“India’s ruling duo live on a different planet from the mass of Indians, so completely divorced are they from the lives of the vast majority who struggle to make ends meet. They love the company of Mukeshbhai and Mehulbhai, love to dress expensively and to strut around like peacocks, waving to cameras. One loves to travel and is obsessed with embracing powerful male heads of state (as long as the cameras are watching). The other obviously eats very well, unlike 85% of Indians, and tells us human rights are irrelevant. This sets the clock of modern society back several centuries, to before the days when the rights of the individual began to matter. They both seriously think they can arrogate the power of life and death over many millions of their fellow citizens by having the right to decide who is and isn’t a citizen, who will and will not be stateless. Basically this is because they see their citizens (*all* citizens) as subjects, not citizens. The detention centres will become embodiments of a religious hierarchy strongly reminiscent of the racial hierarchies of the Nazi state.

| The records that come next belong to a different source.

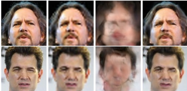
Figure 7: Super-resolution of misaligned images with bicubic kernel and scale factor 4 using BEGAN. Left to right: original image, bicubic upsampling, CSGM, and IAGAN.

super-resolve images with scale factor of 4. Yet, this time the images are slightly misaligned — they are vertically translated by a few pixels. The PSNR[dB] / PS results (averaged on 100 CelebA images) are 19.18 / 0.374 for CSGM and 26.73 / 0.127 for IAGAN. Several visual results are shown in Figure 7. The CSGM is highly susceptible to the poor capabilities of BEGAN in this case, while our IAGAN strategy is quite robust.
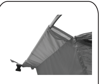
"Quick Corner" fabric sleeves

Tip: Please unsure each pole is fully seated within each Quick Corner sleeve.
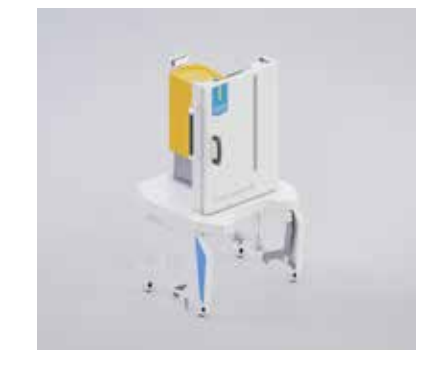
ISM UltraFlex CASE Carrier

Elevator modules that enable fully automatic loading and unloading of components.
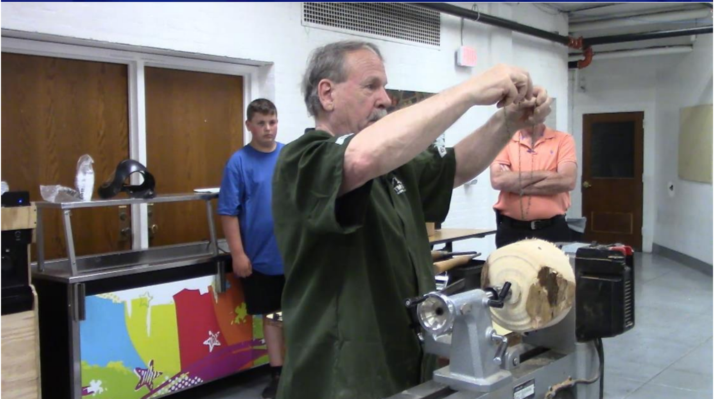
Tricks to Avoid Sanding
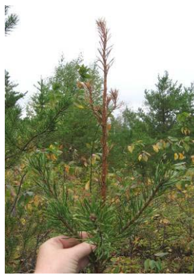
Figure 10: Late season terminal weevil Symptom on current leader
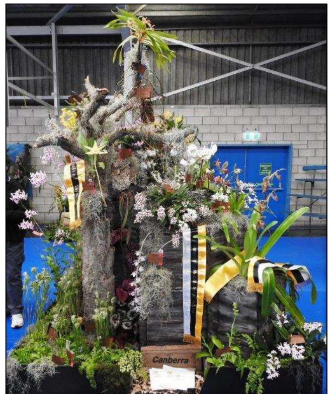
The Society's winning display at the South and West Regional Show
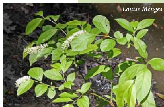
Virginia sweetspire blooms at the edge of a stream.

In the grassy area adjacent to our parking area we spotted some blue-eyed grass ( Sisyrinchium spp.)
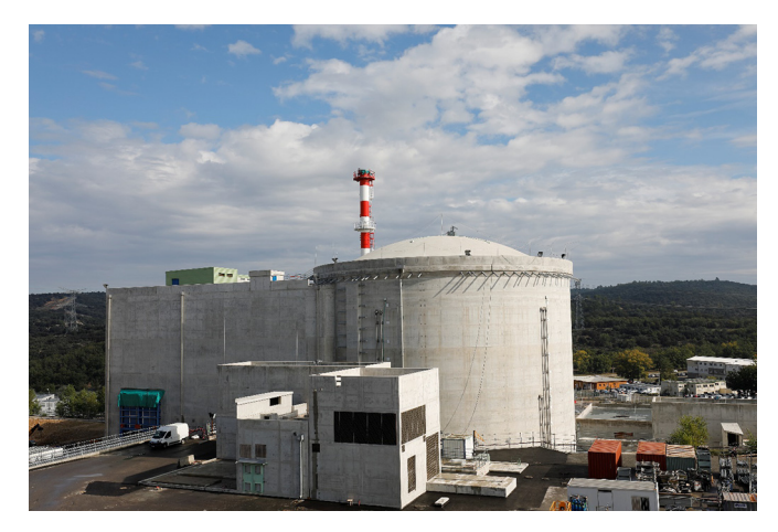
Fig. 1. Jules Horowitz Reactor – October 2017.

The construction is made within the framework of an international consortium: CEA, EdF, AREVA SA, Framatome, Technicatome (France); European Commission with JRC as Observers; CIEMAT (Spain); SCK-CEN (Belgium); VTT (Finland); UJV (Czech Republic); Studsvik AB (Sweden); NNL (UK); DAE (India); IAEC (Israel). Some contacts are ongoing with other foreign entities to discuss their potential interest to join the consortium, or to participate in future programmes.
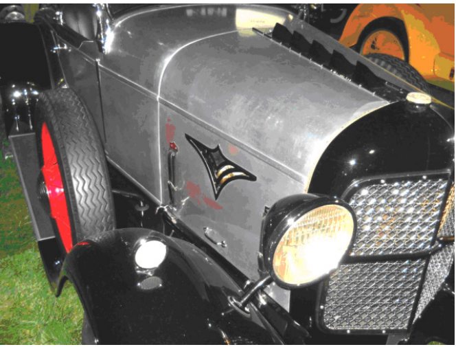
Favorite car on the lot: The unique cast aluminum Model A roadster for $71K.
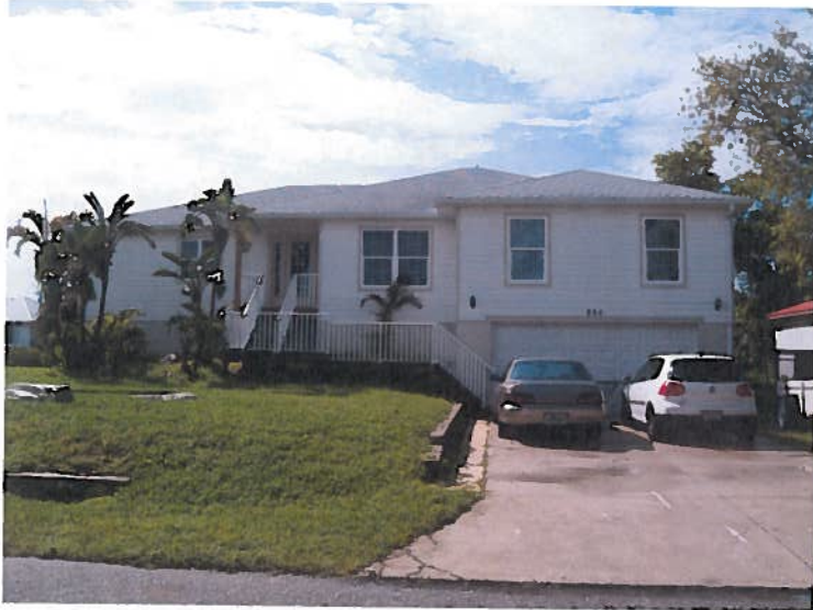
FRONT VIEW 7-25-13

If using the Elevation Certificate to obtain NFIP flood insurance, affix at least 2 building photographs below according to the instructions for Item A6. Identify all photographs with date taken; "Front View" and "Rear View"; and, if required, "Right Side View" and "Left Side View." When applicable, photographs must show the foundation with representative examples of the flood openings or vents, as indicated in Section A8. If submitting more photographs than will fit on this page, use the Continuation Page.
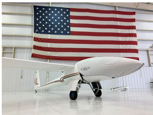
Stemme S-12 Canopy/Nose Cover
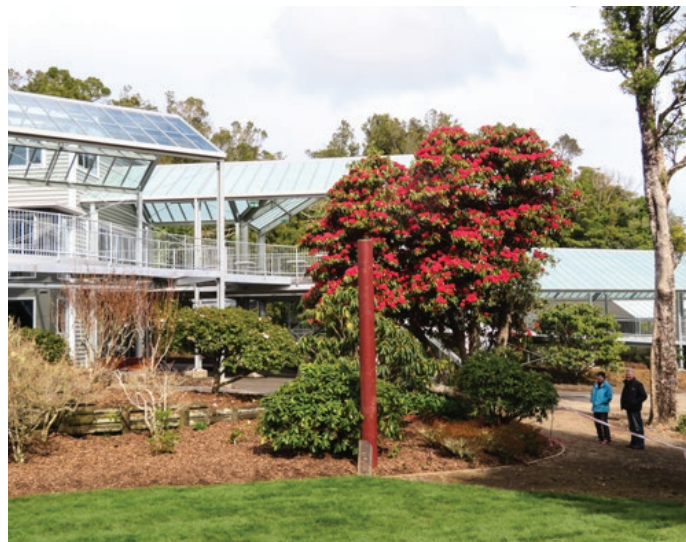
Rhododendron arboreum and the new buildings from the Founders' Garden

fill the space with a variety of companion plants complementing the vireyas which will soon dominate. Many of the plants at this stage are small – propagated from the original larger plants in the old Covered Walk. Already some are in flower.
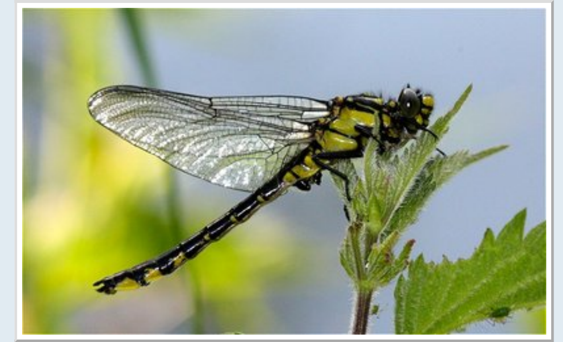
Second Club Tail

We visited the nearby Hartslock Nature Reserve famous for its Orchids.
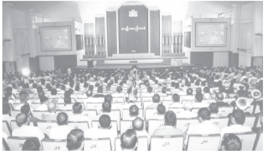
The Plenary Session of National Convention in progress at Pyidaungsu Hall in Nyaungnabin Camp of Hmawby Township.
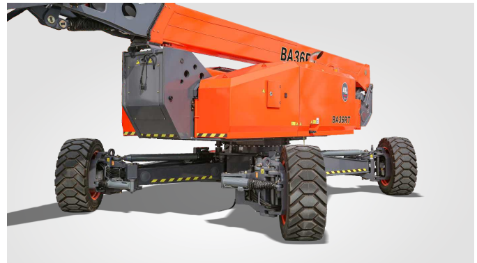
Brand New One-Key In-Situ Axle Expansion Technology Global Patent Protection
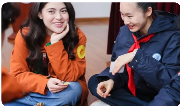
Students from Muscatine High School in the United States participate in a robotics experience event
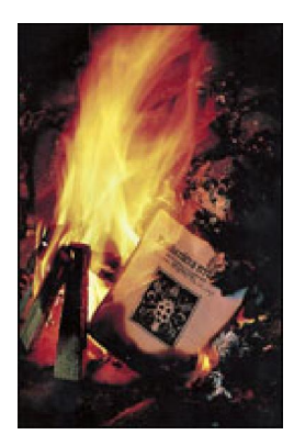
Flames devour the Papal Bull.

Saint Martin answered the challenge by officially excommunicating the <u>Latin kingdom</u> from Christ's Congregation forever:
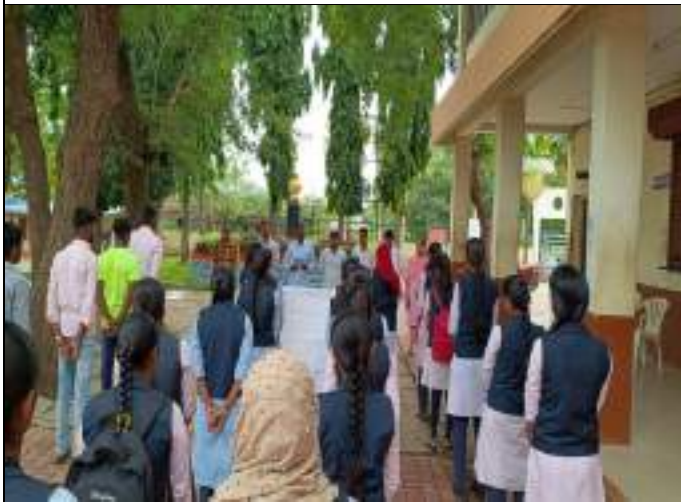
NSS Voluntaries present for the campaign "Ek Tarikh Ek Taas"
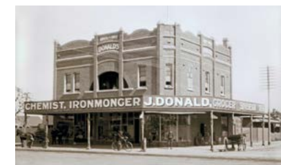
Donald's Chemist, Grocer and Ironmonger, c.1900
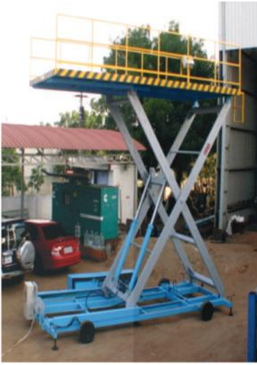
MOVABLE SCISSOR LIFT
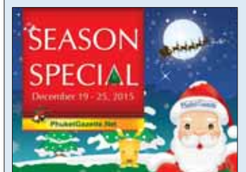
Don't be a grinch! Grab our Season Special to plan your perfect holiday.
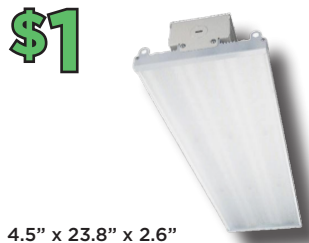
4.5" x 23.8" x 2.6" Chain & Surface MTG Hardware Incl.
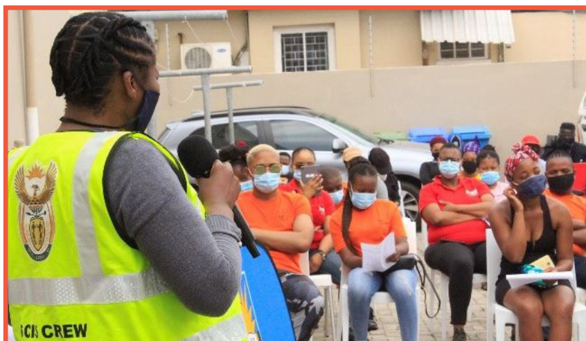
A government official engaging with the University of Fort Hare students on COVID-19.

Shah’s own family migrated to Bombay from a princely state, the town of Mansa, which lay outside the jurisdiction of British India and thus of *India* as it was politically constituted at the time. His family were pure immigrants. Had India’s colonial rulers been half as reactionary as today’s home minister, they may well have seen him as an “illegal” immigrant, except that his great grandfather was a wealthy capitalist and of course the British placed no restrictions on the mobility of either capital or labor.”